In talking about possible situations, we also use may or might interchangeably to talk about possible situations in the present time (may) or in the past (might).

Present tense:
  • We hope that he may win the prize.
Past tense:
  • We had hoped that he might have won the prize.

In the past tense might can be used without giving it a second thought. But the present tense is trickier. Might suggests at least a hint of doubt in comparison to its companion word may.

If I say “I might do that,” I imply that I am less likely to do it than if I say, “I may do that.”

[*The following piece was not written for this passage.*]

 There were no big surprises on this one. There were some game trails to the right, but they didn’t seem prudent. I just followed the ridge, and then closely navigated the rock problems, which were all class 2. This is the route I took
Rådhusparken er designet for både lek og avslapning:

To put it another way, might suggests might not in a way that may does not suggest may not.

Important Hint!  

Note that we normally don’t use may to ask questions about the possibility of something happening. Instead we use, for example, could(n’t) or the phrase be likely. Survey the following examples:

  • Could it be that you don’t want to leave? (NOT May it be that you …?)
  • Are you likely to be in Canada again this summer? (NOT May you be in Canada … ?)

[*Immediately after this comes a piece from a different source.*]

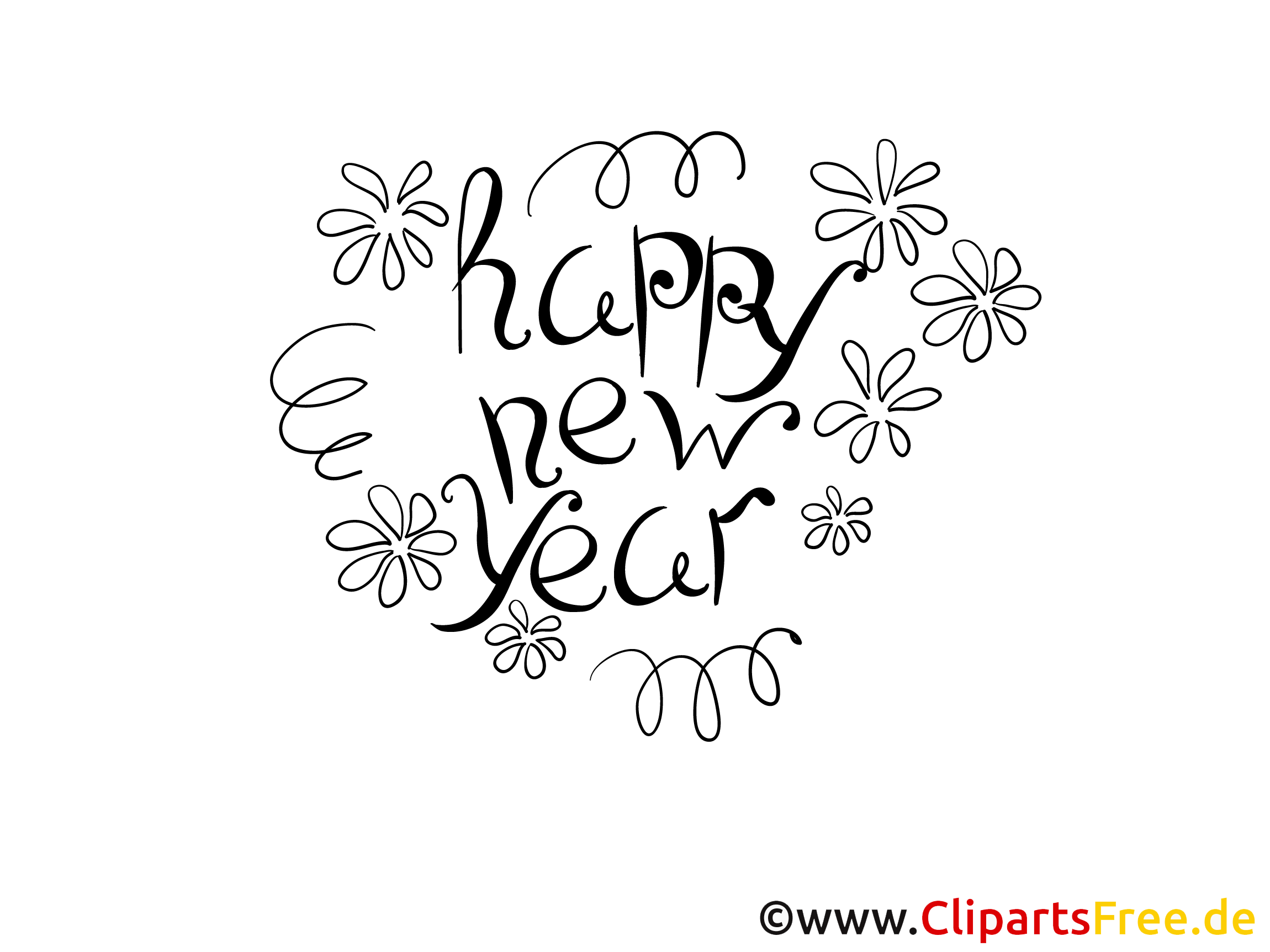 Kostenloses Ausmalbild Happy New Year als PDF Malvorlage

It is possible to use might in this type of question, but it is rather formal, as the following sentence illustrate:

  • Might they be persuaded to change their minds?

Note also that we can use may in formally asking for permission and offering help, as:

  • May I leave now?
  • May I help you?

Might (NOT ‘may’) + bare infinitive is sometimes used to talk about what was typically the case in the past. This is considered a formal or academic use. Ponder the following examples:

  • During the military era, the police might arrest you for criticizing the government.
  • Years ago children might be sent down mines at the age of six. (passive form)

We can also use could + bare infinitive in certain contexts like this to talk about past ability:

  • 'During the military era, the police could arrest you …’
    → (means that the police were legally able to arrest you.)

We can use may / might (NOT ‘can’) + have + past participle and may / might (NOT ‘can’) + be + –ing to talk about possible events in the past, present and future. Survey the example sentences below.

  • Do you think Laurel may / might have completed the report by now? (past)
  • His maths may / might have improved by the time the exam comes around. (future)
  • Samba isn’t in his office. He may / might be working at home today. (present)
  • When I go to Memphis I may / might be staying with John, but I’m not sure yet. (future)

Note that in constructions like the above sentences, could can be used in place of may or might:

  • Do you think Laurel could have completed the report by now?

Likewise, we can use may / might have been + –ing to express possible situations or actions that went on over a period of time in the past:

  • Benjamin didn’t know where the piano was, but he thought his brother might have been practicing with it before he left for school.